Helen Reddy (Tilda Cobham-Hervey) flew from Australia to the United States with her three-year-old daughter and a return ticket just in case: she had won a competition back home to get her a recording contract, and was determined to succeed in her chosen profession as a singer. But on arrival in New York, at the record company she was told that the prize was not so much a contract as an audition, and she had already performed that when tapes of her had been sent from Australia; not only that, but she had failed the audition. Disheartened, she considered going back defeated, but secured a job as a nightclub performer and struck up a friendship with fellow Aussie Lilian Roxon (Danielle Macdonald), a writer who knew Helen had potential...
I Am Woman became Reddy's best known song, though mainly in North America - in Britain, for example, it was the strange, supernatural tune Angie Baby that was most recognisable, one of her later hits in the nineteen-seventies. But that is too weird to hang a biopic around, and besides, it was vital to convey just how important that feminist anthem had been to women of the seventies where she became famous, the first Australian to win a Grammy. The song reached number one in the charts, and energised the burgeoning women's movement as something they could soundtrack their fight for equality around, not only that but the lyrics were not the words of some meek, demure, second class citizen, but someone who was prepared to stand up for herself and her gender.
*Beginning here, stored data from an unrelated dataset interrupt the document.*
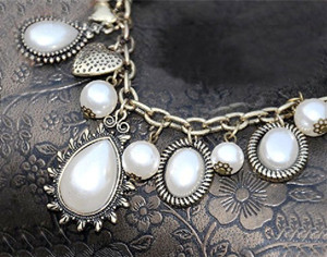 上世纪30年代,服装饰品多为廉价的人造珠宝,每次只能用来搭配一件服装,所以它的流行周期相对短暂。人造珠宝的材质多以金箔和黄铜为主,而像紫水晶、珊瑚这样的半宝石和玻璃只是用作点缀装饰。
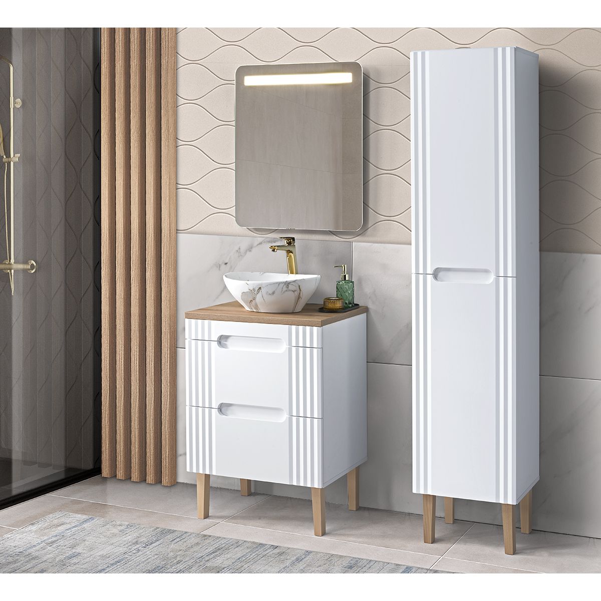 Fiji es una colección que combina modernidad y estilo atemporal. Los muebles de esta línea pueden montarse tanto colgados como de pie sobre patas de madera. La colección incluye un pedestal alto, armarios bajo lavabo y encimeras de color Coastal Oak Evoke en tamaños de 60 cm, 80 cm, 100 cm y 120 cm. Los tiradores se han sustituido por un moderno bajo mueble fresado y los frentes de los armarios se distinguen por un delicado pliegue en los laterales.
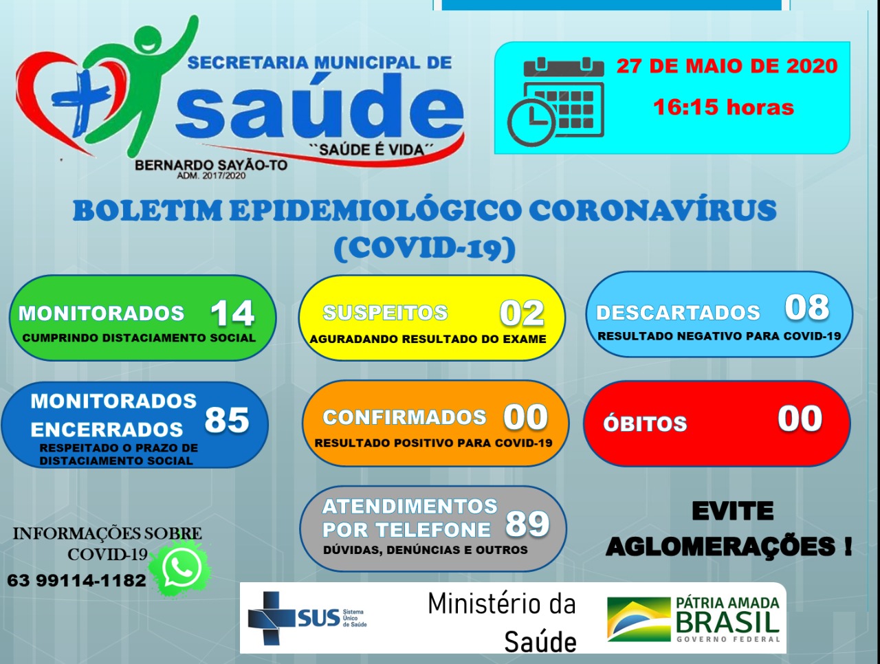 | 5 | BOLETIM DIARIO COVID-19 DE 26-05-2020 | 2020 | 5 | BOLETIM DIÁRIO COVID-19 | FUNDO MUNICIPAL DE SAÚDE DE BERN. SAYÃO | cloud_download Visualizar (186 downloads) |
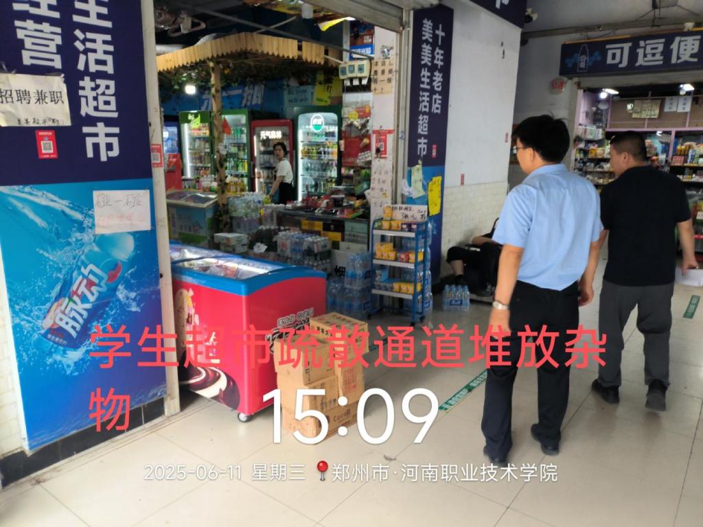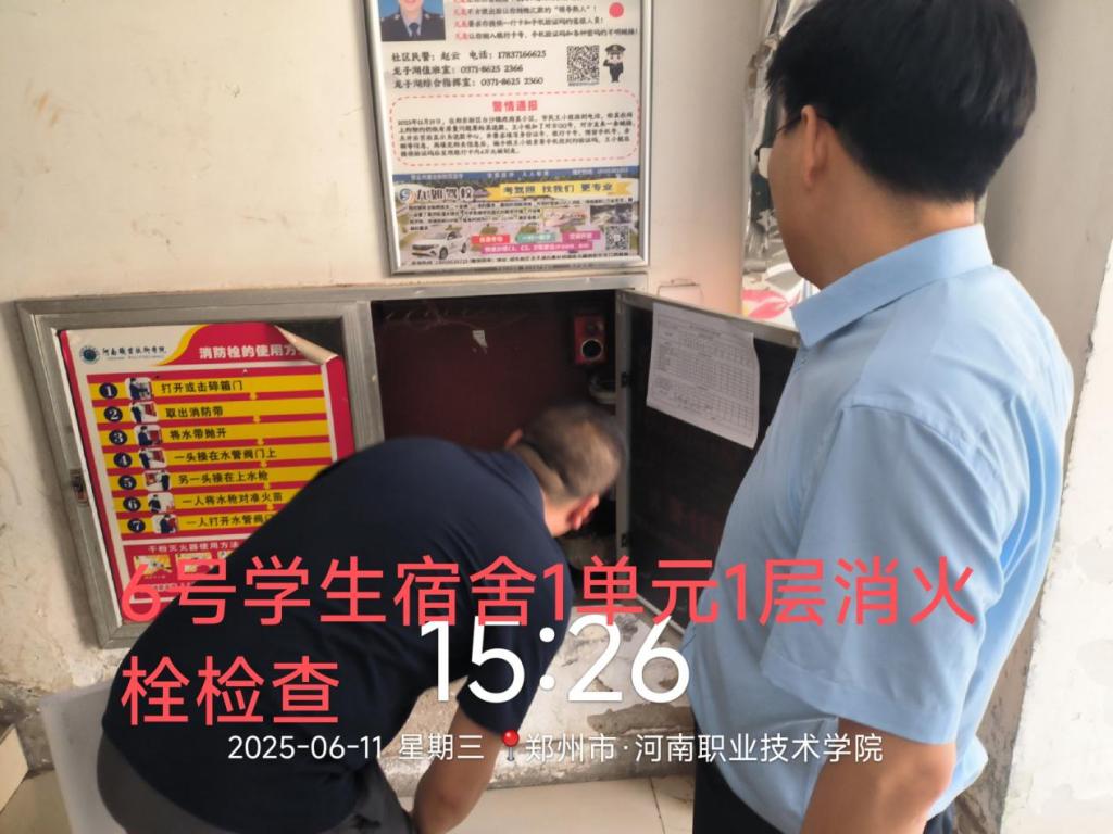 检查组与相关单位人员对接,分别到行政楼、教学楼、校园超市、附3号学生公寓、5号学生公寓、图书馆、河职佳苑以及安保队员宿舍等区域,检查消防通道畅通、疏散逃生通道畅通、智能设备运行、消防系统运行、楼顶及墙体附着物松动、学生宿舍规范用电等安全情况。对发现的安全隐患,现场督促主管部门和相关人员进行整改;对已整改到位的事项,作销号处理。
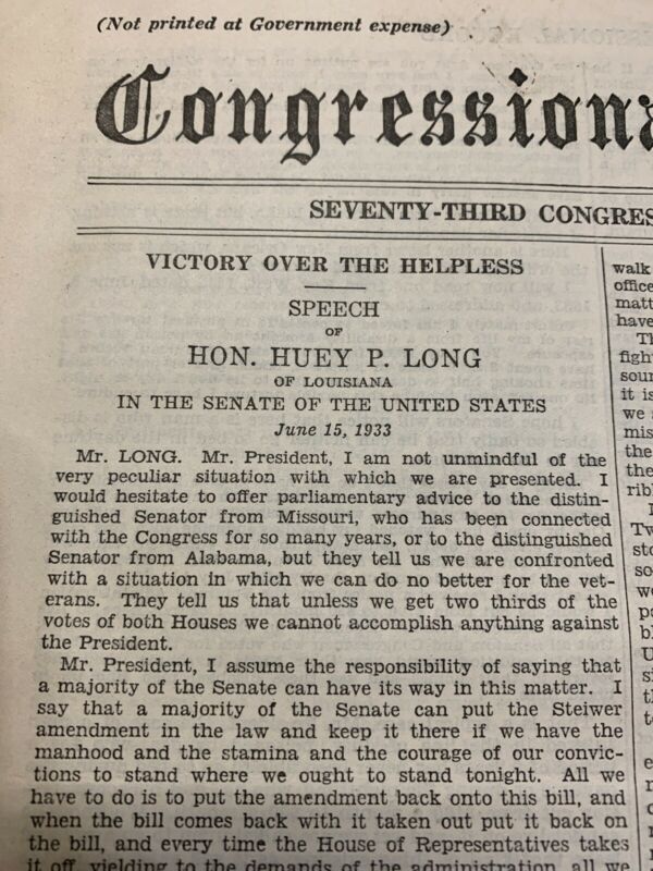 Title (ebay affiliate link): 1933 US SENATOR HUEY P LONG Speech - Victory Over The Helpless Congressional Rec
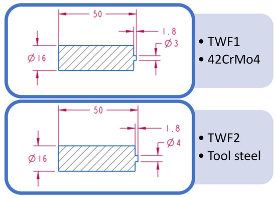 Two different tools were produced—TFW1 and TFW2 (see Figure 2 and Figure 3)—with a cylindrical main body of 16 mm in diameter and a total length of 50 mm, with different pin geometry (see following section for details). The tools were designed to match the thickness of the aluminum sheets, with inexpensive geometry that is straightforward to manufacture. This tool geometry was carefully chosen to effectively stir and consolidate the material of the thin sheets while avoiding excessive heat input or deformation. The tool depth and path were carefully set to maximize material penetration and alignment.
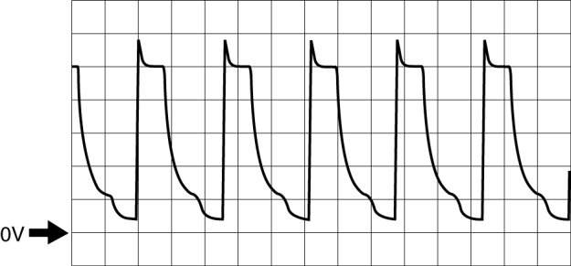 - Oscilloscope setting: 1 V/DIV (Y), 200 microsecond/DIV (X), DC range
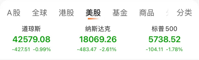 美东时间3月6日,美股三大指数全线下挫。截至收盘,道指跌0.99%,收于42579.08点;标普500指数跌1.78%,报5738.52点;纳指跌2.61%,收于18069.26点,正式进入技术性调整区间,即从最近的高点下跌超过10%。
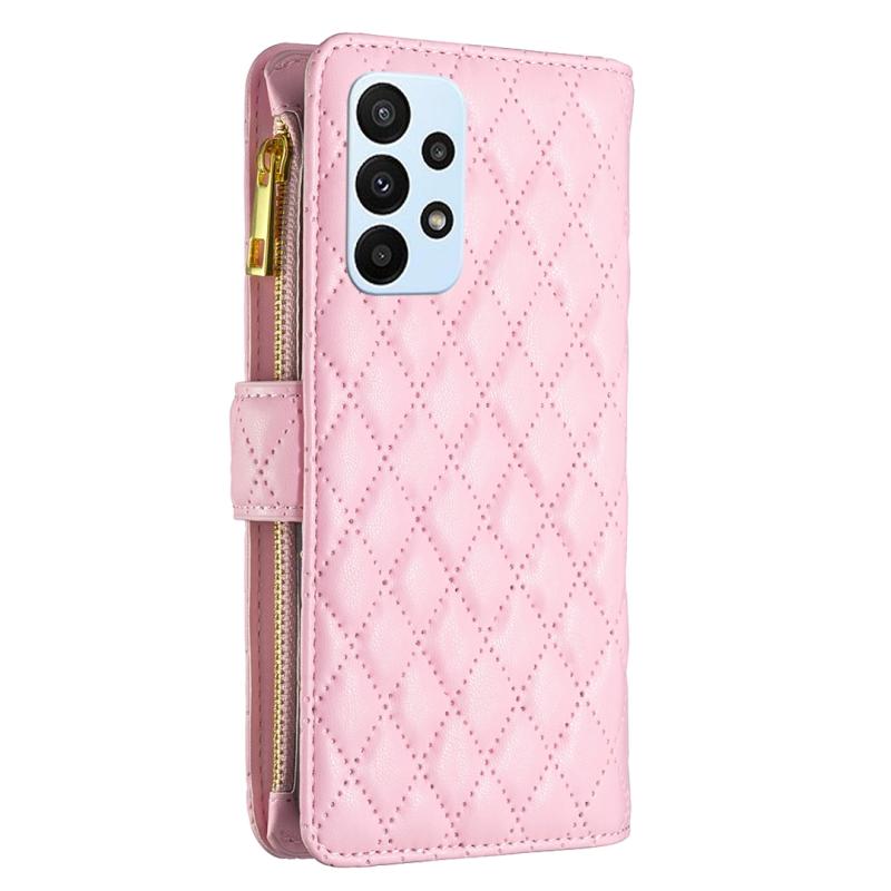 For Samsung Galaxy A23 4G Diamond Lattice Zipper Wallet Leather Flip Phone Case(Pink)

Obviously with the seventies being a decade of great social upheaval and reassessing the parameters of the wider community, the anthem was perfect to evoke all that turmoil and success, and we live with the consequences of that in the following century, even if the advances can feel they are being chipped away at by the forces of conservatism (not all of them male). Therefore Reddy's story felt like one worth telling to remind where we had progressed to and what was at stake, but one wonders whether I Am Woman, the film, quite grasped the subject, at least for the first half. That opening hour was very televisual, the swearing aside, with scene after setbound scene shot in that oddly drab technique this era's historical movies tended to utilise to evoke the past, when something a lot more visually pleasing might have been a better choice to keep it engaging.
But then something happens in the second half that finally seems to bring Reddy's issues to life. It doesn't seem like a significant scene, but it brings her biography into sharper focus as a reporter interviews her as the new poster girl for feminism, and her manager husband Jeff Wald (Evan Peters) is brought in to question his masculinity, as if being in a relationship with a strong woman somehow makes him, or anyone, less of a man. Suddenly we get the sense of the injustice of the views of the time which criticised any female trying to assert herself, or even represent herself of feel represented in a positive way, and that mood the times were changing to a more progressive method of doing things in the world is at last energised in the film. Yes, it was rather indebted to the most recent remake of A Star is Born, though not, thankfully, cramming the facts into the box of tragedy too egregiously, and by the end you have a fair, if not terrific, portrait of someone who made a difference in an admirable style: through her music. Airport 1975 fans may be disappointed it doesn't merit a mention, mind you.
[The film is in UK and Irish cinemas and on digital platforms Friday 9th October 2020.]